As we can see, the intensities roughly form two clusters, lights and darks (higher and lower numbers). Let’s say that intensity 130 roughly separates the lights from the darks.

# thresholding
gsm_tf <- gsm < 130
image(t(apply(gsm_tf, 1, rev)))

OK! Looks decent. I will go over this row by row (ie column by column because the matrix is sideways) and output the column numbers (ie row numbers, corresponds to x-coordinates in the original image) where there is ink (ie a True value after thresholding). This will yields a distribution over ink horizontally in the image.

hst <- alply(gsm_tf, 2, which)
occ <- NULL
for (i in 1:length(hst)) {
  occ <- c(occ, hst[[i]])
}

hist(occ, nclass=20, main="Where is the ink at")

This looks roughly like three clusters roughly corresponding to the locations of the three digits. I will model this as a mixture of three normal distributions. That’s exactly what it sounds like: fit three normal distributions to these data. Hopefully one for each bump, which hopefully correspons to one for each digit.

Mixture models are fit with the EM algorithm, which we can mostly gloss over. But: One important detail is that the method accepts as an argument your best guess as to the size, scale, and location of the three components. I reason as follows: (i) if you split the image into thirds, it’s reasonable to believe that the three numbers each lie in the middle of one of these thirds. These are my guesses for for the means, mu. (ii) Probably there goes as much ink into one digit as the next, so the size, lambda, of each component is probably one third. (iii) I set the initial scale or standard deviation, sigma, to .5 arbitrarily. These are just starting points, you understand; the algorithm iterates toward better values to maximize the likelihood of the data.

library(mixtools) # fits mixture distributions
## Warning: package 'mixtools' was built under R version 3.3.2
## mixtools package, version 1.1.0, Released 2017-03-10
## This package is based upon work supported by the National Science Foundation under Grant No. SES-0518772.
third <- nrows/3   # nrows because the image is tipped on its side
mix <- normalmixEM(occ, lambda = 1/3, mu = c(third/2, third + third/2, 2*third + third/2), sigma = .5)
## number of iterations= 50
plot(mix, whichplots=2)

The plot above shows the mixture distribution, its three components in different colors. This is everything we need: now I can simply choose my first cut as the point where red becomes less likely than green, and the second cut as the point where green becomes less likely than blue. This is the intersection between the respective density curves. You can easily find the analytical solution for this, but I just brute force it with a numerical solver below.

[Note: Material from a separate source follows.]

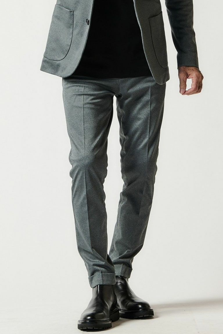毎シーズン定番として展開しているRIB SET UP シリーズ。 1960~70’のテーラードジャケットを検証しクラシックなディテールはそのままに 素材使いとデザインにより構築したテーラードコレクション。 シルエットを決めるアームホールの形状・カマのバランス 全体のゆとり分量すべてを計算、構築した至高のシルエットが生み出されています。 脇にキックバックの良いテレコを採用することで デザインと共に着心地を向上させテーラードの仕上がりを損なうことなく ノンストレスでデイリーなセットアップに仕上げています。 裏始末はテーラードの基本である「雨蓋つき本台場仕立て」と 背裏は軽さを意識した観音仕立てで遊び心も忘れずに 胸ポケットの袋布をチーフに見立てたディテールを採用しています。 また、1piu1uguale3オリジナルの折鶴ピンをラペルに付属しています。 スラックスタイプのパンツはクラシックな佇まいを崩すこと無く 実用性を高めた仕様となっています。 ジャケット同様にパイピング・シック布などの クラシックなディテールはそのままに、ウエストベルトにテレコ(リブ)を採用。 同時に脇の立体切替部もテレコを使用することで 至高の着心地を実現させています。

# I want to be sure that the clusters are in order so that I don't suddenly
# compare the wrong components
mu <- mix$mu[order(mix$mu)]
sigma <- mix$sigma[order(mix$mu)]


sepline <- function(mu, sigma) {
  f <- function(x) dnorm(x, m=mu[1], sd=sigma[1]) - dnorm(x, m=mu[2], sd=sigma[2])

  uniroot(f, interval=c(mu[1], mu[2]))$root
}


# for knitr reasons I have to reload the image
img <- image_read("data/digits/586.jpeg")
plot(img)
abline(v=sepline(mu[1:2], sigma[1:2]), lwd=2, col="red")
abline(v=sepline(mu[2:3], sigma[2:3]), lwd=2, col="red")

There you have it! I’m super happy with how well that turned out. It might not be sexy methodology; mixture models date back at least to the late 1800s. But I think it’s good progress for a short afternoon’s work.

Results for all numbers

I’ll show the results for all of my numbers now. I’ve packaged the above in a function, shown at the end of this post, because that’s just good sense.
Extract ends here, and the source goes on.